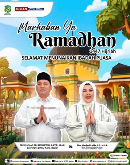 Sekretaris DPRD Kota Medan, Muhammad Ali Sipahutar, S.S.T.P., M.A.P., bersama Ketua Dharma Wanita Persatuan Sekretariat DPRD Kota Medan, Rina Muhammad Ali Sipahutar, menyampaikan ucapan selamat menunaikan ibadah puasa Ramadhan 1447 Hijriah kepada seluruh masyarakat, Rabu 18/02/2026.
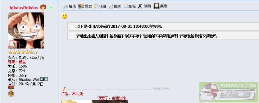| -- 作者:hjkdasfhjkdas -- 发布时间:2017-08-01 19:33:00 -- 以下是引用Oo116oO在2017-08-01 19:30:00的发言: 来,打一个我看看 有你事吗瞎逼逼,我就奇了怪了怎么每天就是你们这些没眼力见的人呢?还要让我怎么退,我退一步他就得寸进尺,还想怎么的啊
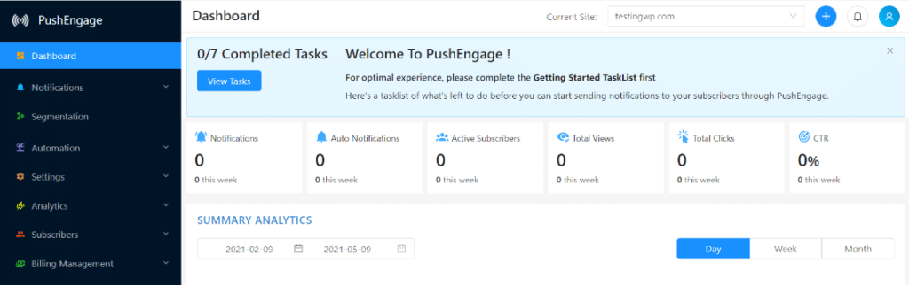 Once you’ve created an account, you’ll be taken to your PushEngage dashboard.
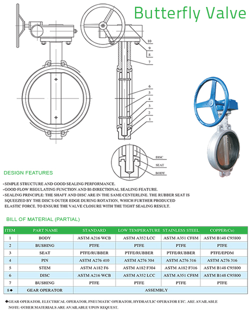 Product Details Flanged Soft Seated Design and Manufactur MSS SP-67, MSS SP-68, BS 5155 Face to Face Dimension BS 5155 Flange Connection Dimension ASME B16.5, ASME B16.47 BW Connection Dimension ASME B16.25 Pressure-Temperature Ratings ASME B16.34 Test and Inspection API 598 Type of Operation Manual, Gear, Electric, Pneumatic NPS 2"~80" Class 150lb~600lb Main Material WCB, WCC, LCB, LCC, CF8, CF8M, CF3, CF3M, CF8C, CN7M - Wafer Butterfly
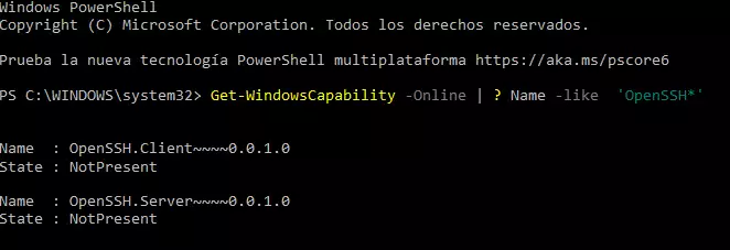 Get-WindowsCapability -Online | ? Name -like 'OpenSSH*'
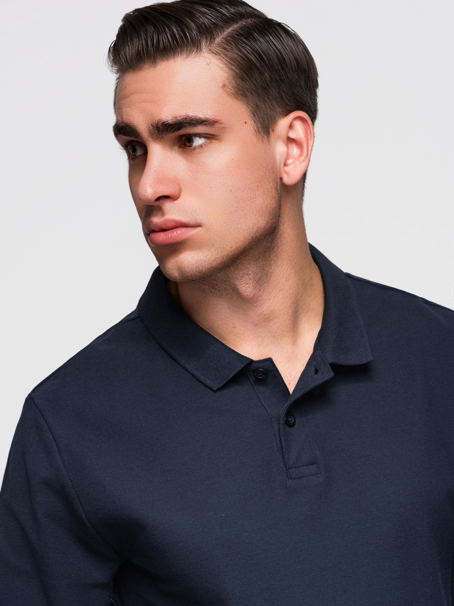 Muška majica BASIC s dugim rukavima i polo ovratnikom - bijela V1 OM-POBL-0162 Ombre Clothing
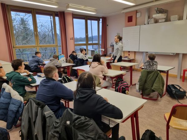 Johannes Hochradel von der Polizeidienststelle Lauf war in der 7a und 7b zu Besuch und sprach mit den Schülerinnen und Schülern über das Thema Gewaltprävention. Er warnte die Jugendlichen davor, in WhatsApp-Gruppen andere Menschen zu beleidigen, da sonst das Handy als Tatwaffe betrachtet und von der Polizei eingezogen werden kann. Der Polizist erarbeitete mit den zwei Klassen einige Strategien, die dabei helfen, niemals eine Straftat zu begehen. Zum Beispiel sollten bestimmte Posts nicht geteilt, sondern den eigenen Eltern und der Polizei gemeldet werden („Report statt Repost“). Nach seinem Besuch waren alle sehr beeindruckt und überlegten gemeinsam, wie sie künftig mit dem Thema Gewalt umgehen möchten.
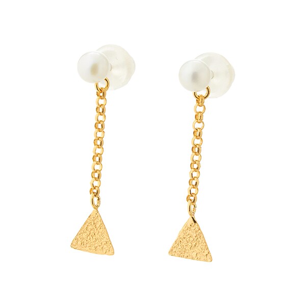 淡水真珠と三角鎚目模様のシルバーピアス
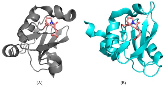 Three-dimensional structure of the N-SH2 (A) and C-SH2 (B) domains of the subunit p85 of PI3K. The residues D73–P74 of the N-SH2 domain and E683–P684 of the C-SH2 with the peptide bond in a cis conformation, located in a loop between the βE and βF strands, are highlighted in sticks.
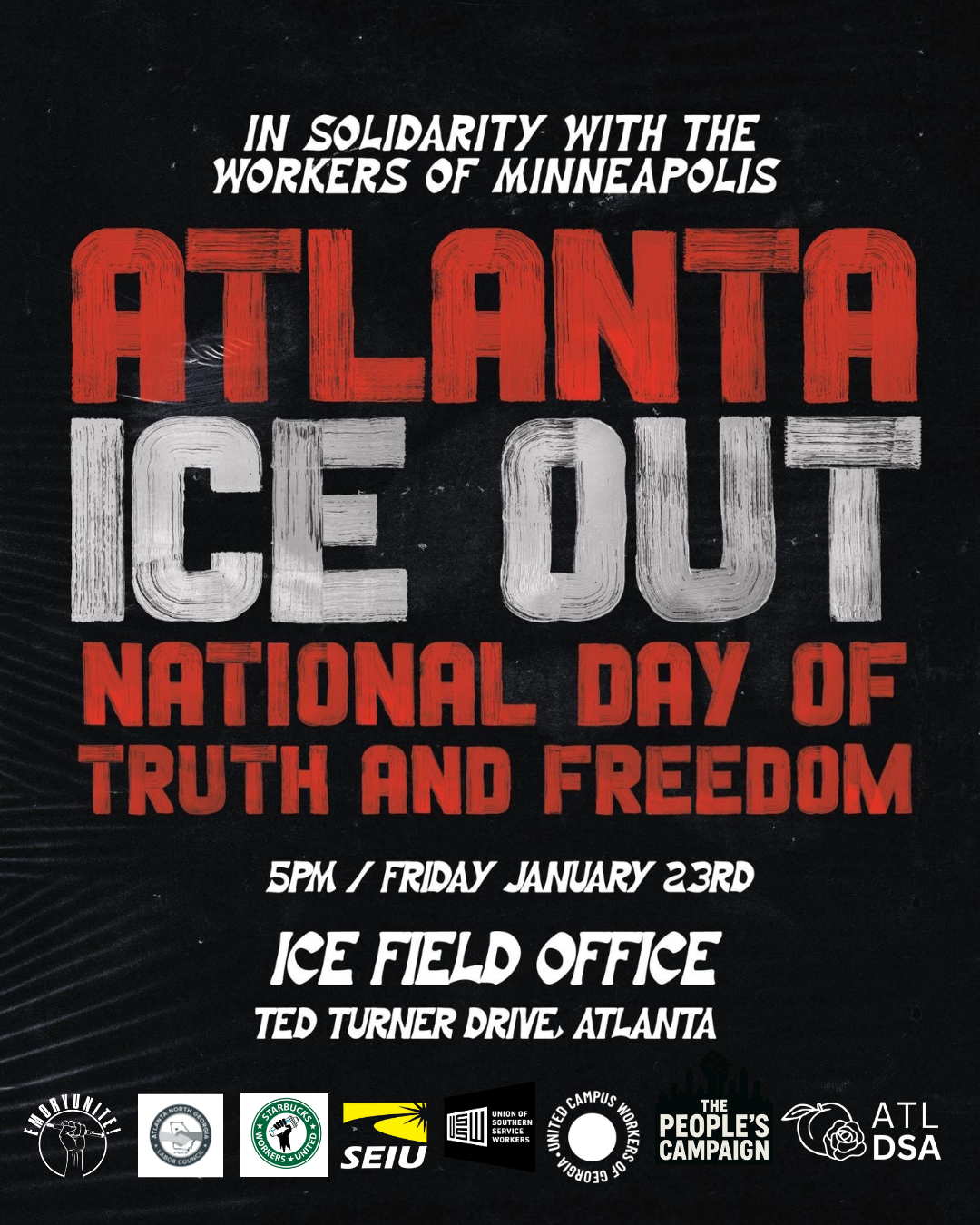 This Friday, Atlanta is mobilizing against ICE violence. When ICE comes for one of us, they answer to all of us. This Friday at 5pm, Atlanta DSA is joining a coalition of local labor and civil rights organizations for a peaceful protest against ICE's murder of Renee Good and the ongoing occupation of Minneapolis. Can you join us?
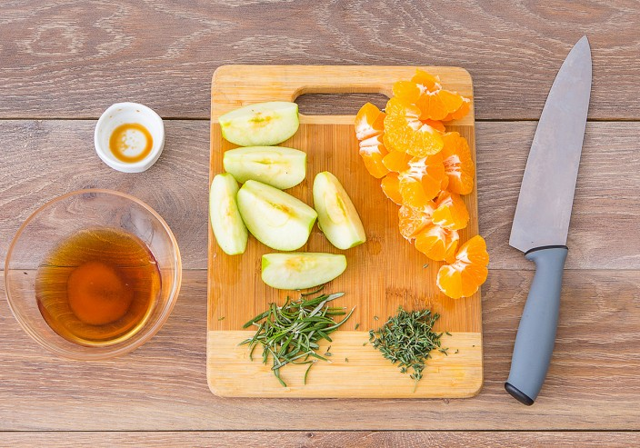 Шаг 1 Разогрейте духовку до 180°С. Яблоко очистите от семян, мякоть нарежьте дольками. Мандарины очистите и разберите на дольки. Чеснок раздавите и очистите. Листочки тимьяна и розмарина отделите от стеблей. Для приготовления соляного раствора в миску влейте 100 мл воды и соевый соус, всыпьте 1/2 чайной ложки соли и перемешайте. Соляной раствор наберите в шприц. Шаг 2 Утку посолите и поперчите изнутри и снаружи. Смажьте утку изнутри 1 ст. ложкой оливкового масла и начините дольками яблока, мандаринами, половиной листочков розмарина и тимьяна, добавьте половину чеснока и палочку корицы, скрепите отверстие шпажками. Введите соляной раствор из шприца в бёдра и грудку утки. Шаг 3 Оберните фольгой кончики крыльев и ножек утки. Утку выложите на противень, смажьте оливковым маслом с помощью силиконовой кисточки и поставьте запекаться в разогретую духовку на 1 час 5 минут. 60 мин Шаг 4 Картофель и лук очистите. Лук нарежьте крупными дольками. Картофель нарежьте крупными ломтиками. В чистую мис
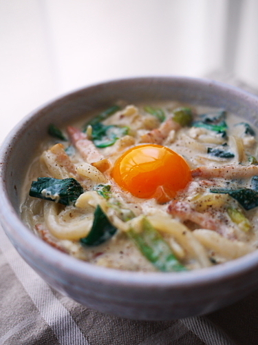 ホウレンソウとベーコンの豆乳カルボナーラうどん by J吉さん | レシピブログ - 料理ブログのレシピ満載!
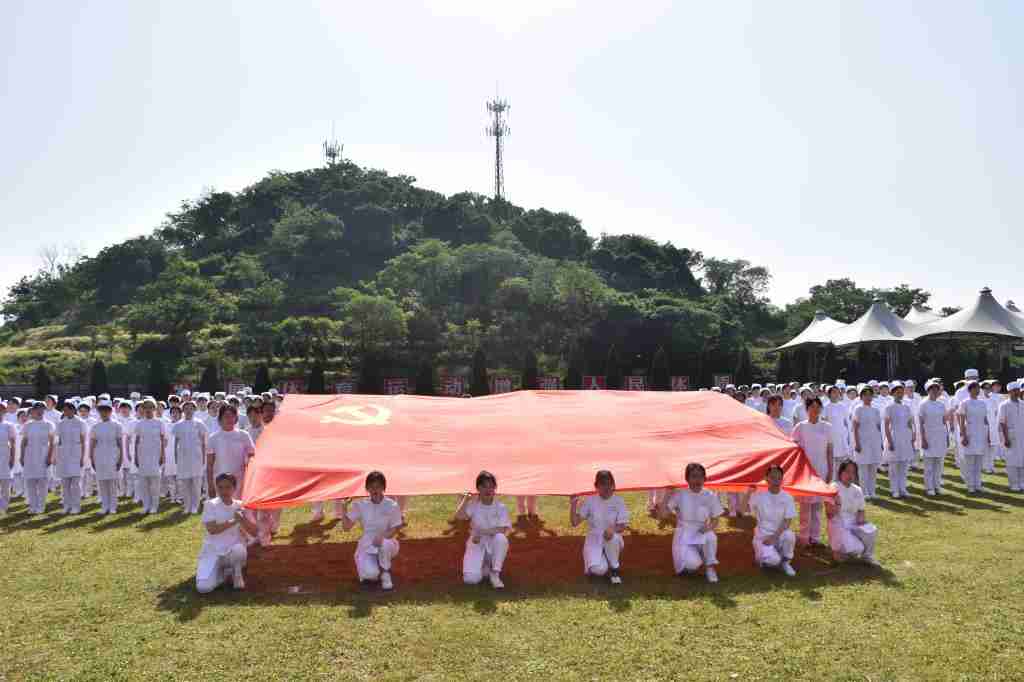 活动现场,护理学党支部2019级学生护送党旗入场,展现 “1921-2021”造型,表达对建党百年的祝福和期许。
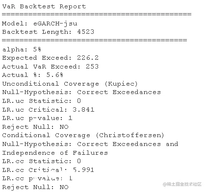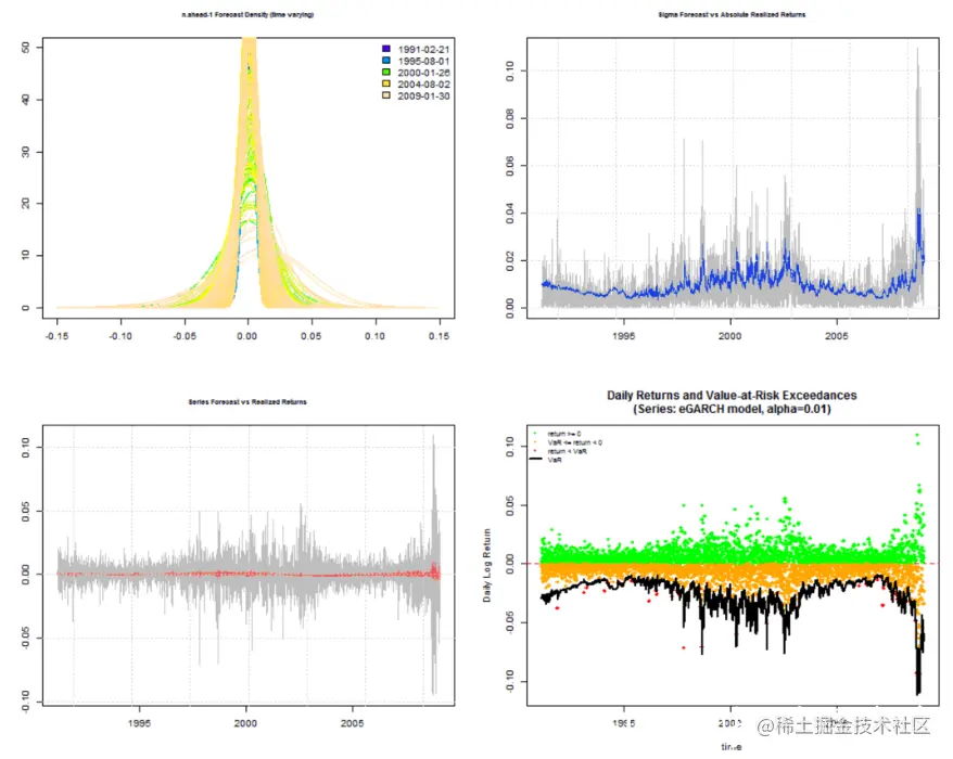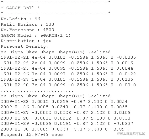 对模型/数据集组合执行滚动估计和预测,可选择返回指定水平的 VaR。更重要的是,它返回计算预测密度所需的任何度量所必需的分布预测参数。以下示例说明了该方法的使用,其中还使用了并行功能并在 10 个内核上运行。
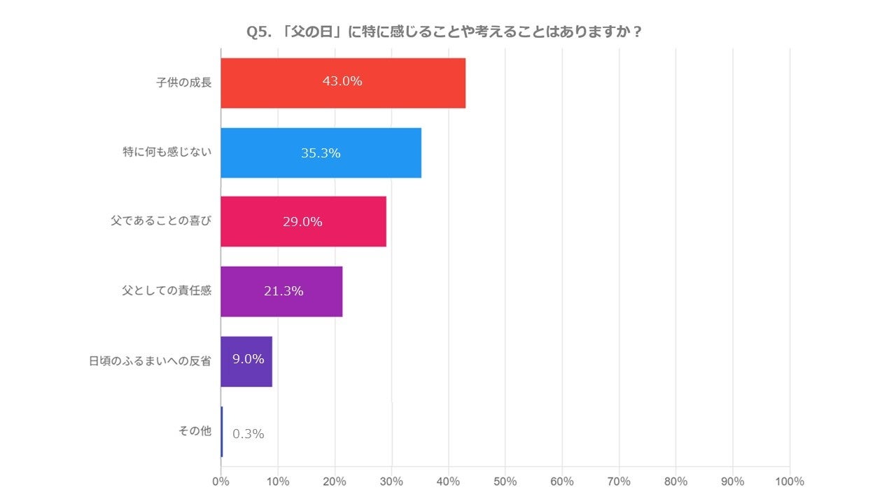 「 父の日に特に感じることや考えることはありますか? 」と尋ねたところ、「子供の成長」を感じるとの答えが43.0%と1位であった一方、「特に何も感じない」が35.3%と続く結果に。
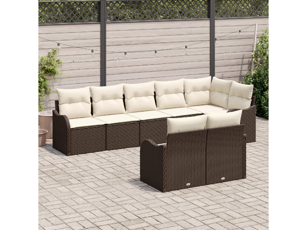 Sada zahradních pohovek 8 pcs Hnědá a bílá Poly ratan
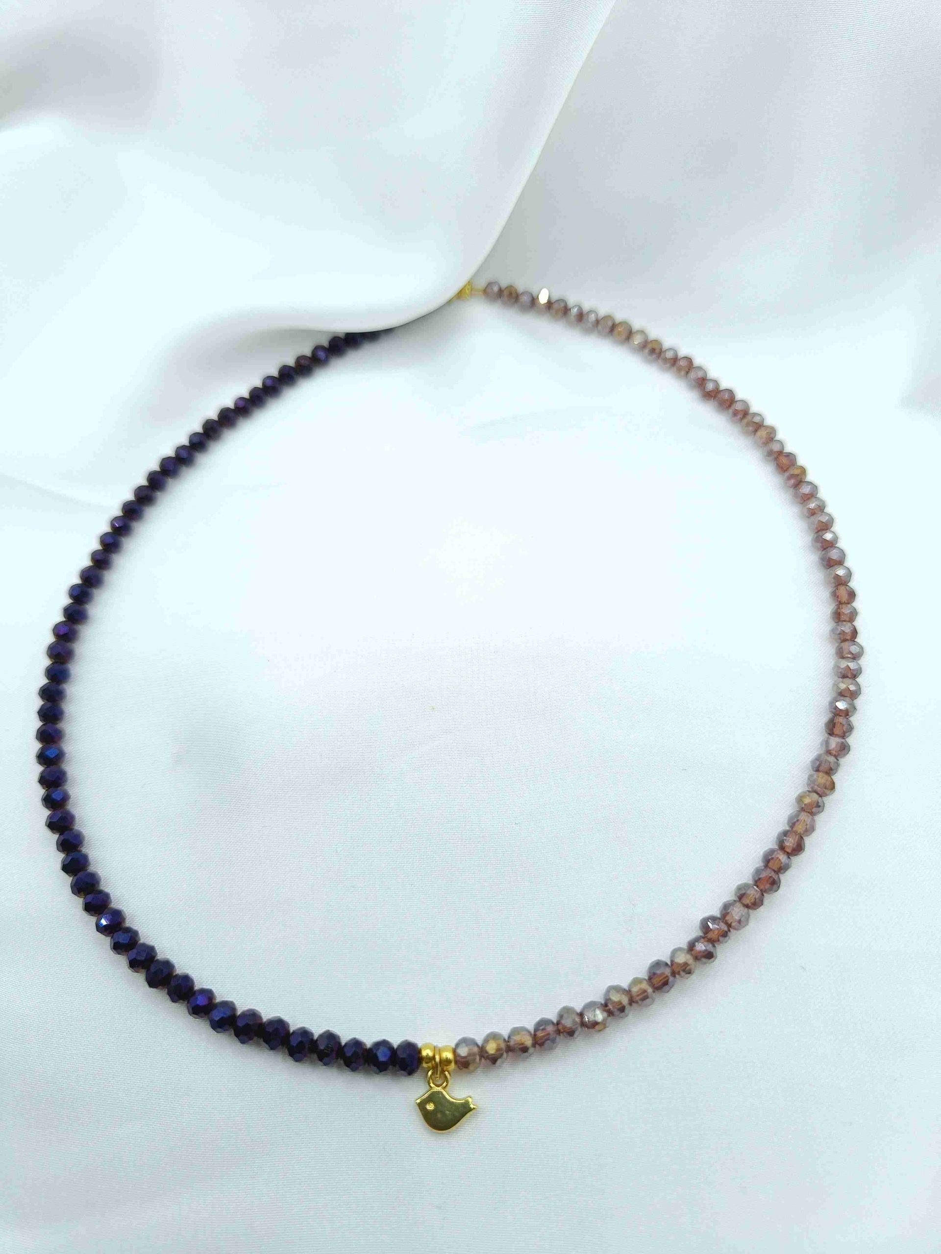 Το Anerel Améthys είναι χειροποίητο με μωβ χάντρες σε δύο αποχρώσεις και επιχρυσωμένες λεπτομέρειες που φωτίζουν τη σύνθεση. Το πουλάκι στο κέντρο αντιπροσωπεύει τη γαλήνη και την πνευματική ελευθερία — μια υπενθύμιση να πετάς ψηλά, αλλά με γείωση στην ουσία σου.

• **About this exercise**
Copy exactly what appears in the entries, beginning with the first line and ending with the line that has "Muška majica BASIC", but not the pictures.

• **Written solution**
 Sekretaris DPRD Kota Medan, Muhammad Ali Sipahutar, S.S.T.P., M.A.P., bersama Ketua Dharma Wanita Persatuan Sekretariat DPRD Kota Medan, Rina Muhammad Ali Sipahutar, menyampaikan ucapan selamat menunaikan ibadah puasa Ramadhan 1447 Hijriah kepada seluruh masyarakat, Rabu 18/02/2026.
| -- 作者:hjkdasfhjkdas -- 发布时间:2017-08-01 19:33:00 -- 以下是引用Oo116oO在2017-08-01 19:30:00的发言: 来,打一个我看看 有你事吗瞎逼逼,我就奇了怪了怎么每天就是你们这些没眼力见的人呢?还要让我怎么退,我退一步他就得寸进尺,还想怎么的啊
 Once you’ve created an account, you’ll be taken to your PushEngage dashboard.
 Product Details Flanged Soft Seated Design and Manufactur MSS SP-67, MSS SP-68, BS 5155 Face to Face Dimension BS 5155 Flange Connection Dimension ASME B16.5, ASME B16.47 BW Connection Dimension ASME B16.25 Pressure-Temperature Ratings ASME B16.34 Test and Inspection API 598 Type of Operation Manual, Gear, Electric, Pneumatic NPS 2"~80" Class 150lb~600lb Main Material WCB, WCC, LCB, LCC, CF8, CF8M, CF3, CF3M, CF8C, CN7M - Wafer Butterfly
 Get-WindowsCapability -Online | ? Name -like 'OpenSSH*'
 Muška majica BASIC s dugim rukavima i polo ovratnikom - bijela V1 OM-POBL-0162 Ombre Clothing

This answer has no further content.